▶ [Data to examine]

######

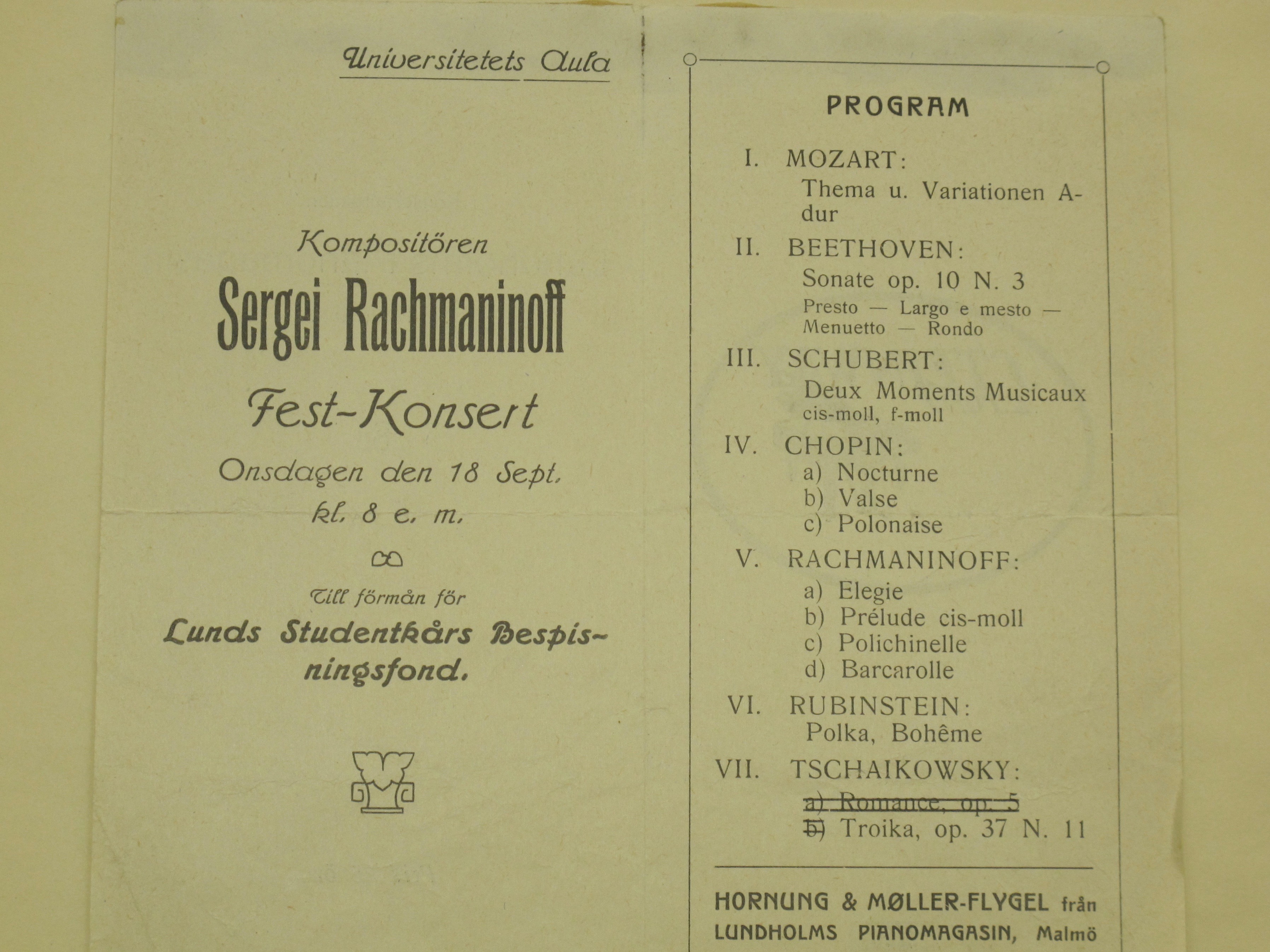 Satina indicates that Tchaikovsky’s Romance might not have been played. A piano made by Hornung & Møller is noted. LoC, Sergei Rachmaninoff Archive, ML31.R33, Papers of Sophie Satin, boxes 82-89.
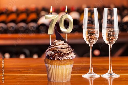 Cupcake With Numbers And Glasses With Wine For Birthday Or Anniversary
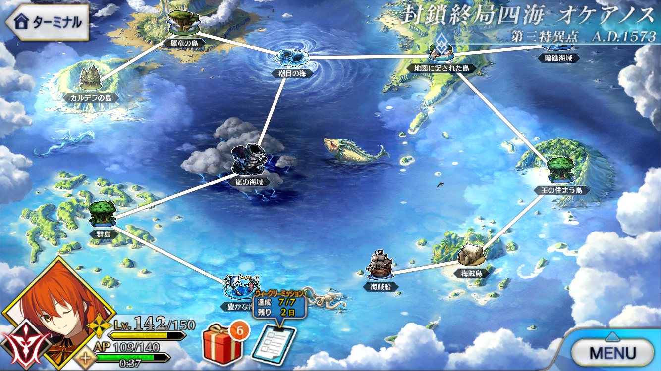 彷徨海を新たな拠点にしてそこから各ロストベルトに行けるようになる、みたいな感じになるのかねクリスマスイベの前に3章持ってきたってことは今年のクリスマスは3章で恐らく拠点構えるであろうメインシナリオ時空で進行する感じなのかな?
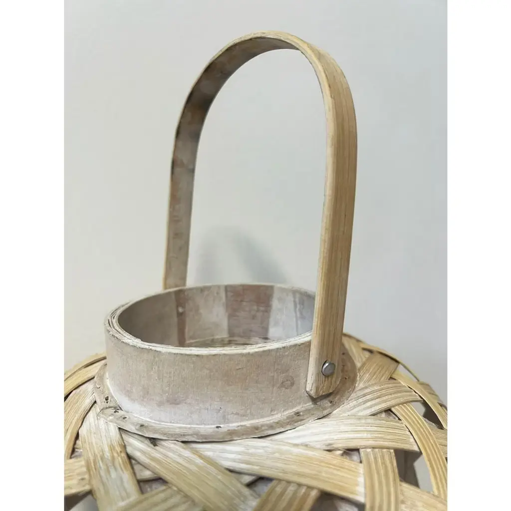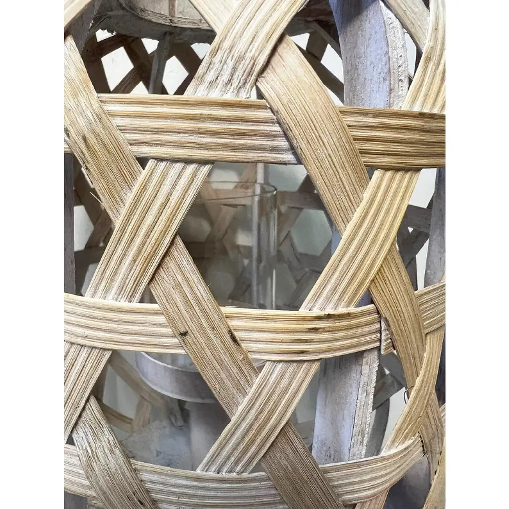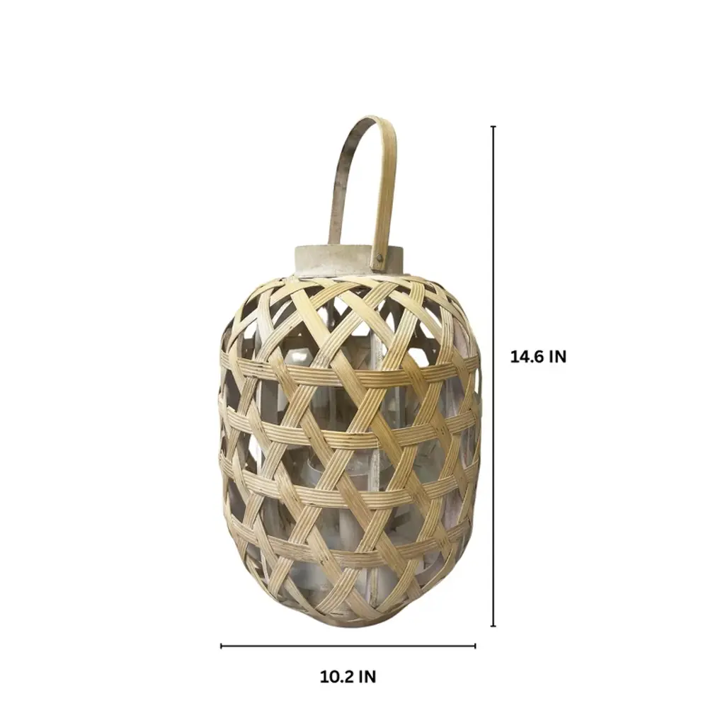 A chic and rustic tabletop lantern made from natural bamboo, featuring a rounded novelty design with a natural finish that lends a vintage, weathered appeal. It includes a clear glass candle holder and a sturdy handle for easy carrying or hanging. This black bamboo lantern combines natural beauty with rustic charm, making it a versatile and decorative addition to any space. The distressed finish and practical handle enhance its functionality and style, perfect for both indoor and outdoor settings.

######

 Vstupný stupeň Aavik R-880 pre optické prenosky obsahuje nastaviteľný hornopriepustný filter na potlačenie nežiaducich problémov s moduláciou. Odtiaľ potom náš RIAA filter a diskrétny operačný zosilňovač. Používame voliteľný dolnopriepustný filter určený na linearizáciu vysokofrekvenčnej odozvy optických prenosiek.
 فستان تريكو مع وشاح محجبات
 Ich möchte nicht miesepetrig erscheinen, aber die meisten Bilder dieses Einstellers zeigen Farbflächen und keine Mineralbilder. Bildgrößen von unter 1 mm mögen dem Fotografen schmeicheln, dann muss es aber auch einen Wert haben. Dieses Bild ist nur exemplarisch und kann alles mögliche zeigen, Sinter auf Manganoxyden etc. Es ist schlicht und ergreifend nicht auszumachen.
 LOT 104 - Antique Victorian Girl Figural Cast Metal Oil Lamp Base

######

▶ [Exercise brief] In the material above, which lines fall between the one holding "Satina indicates that" and the one holding "彷徨海を新たな拠点にしてそこ", inclusive? Print exactly those, with the pictures left out.

▶ [Expected answer]
 Satina indicates that Tchaikovsky’s Romance might not have been played. A piano made by Hornung & Møller is noted. LoC, Sergei Rachmaninoff Archive, ML31.R33, Papers of Sophie Satin, boxes 82-89.
 Cupcake With Numbers And Glasses With Wine For Birthday Or Anniversary
 彷徨海を新たな拠点にしてそこから各ロストベルトに行けるようになる、みたいな感じになるのかねクリスマスイベの前に3章持ってきたってことは今年のクリスマスは3章で恐らく拠点構えるであろうメインシナリオ時空で進行する感じなのかな?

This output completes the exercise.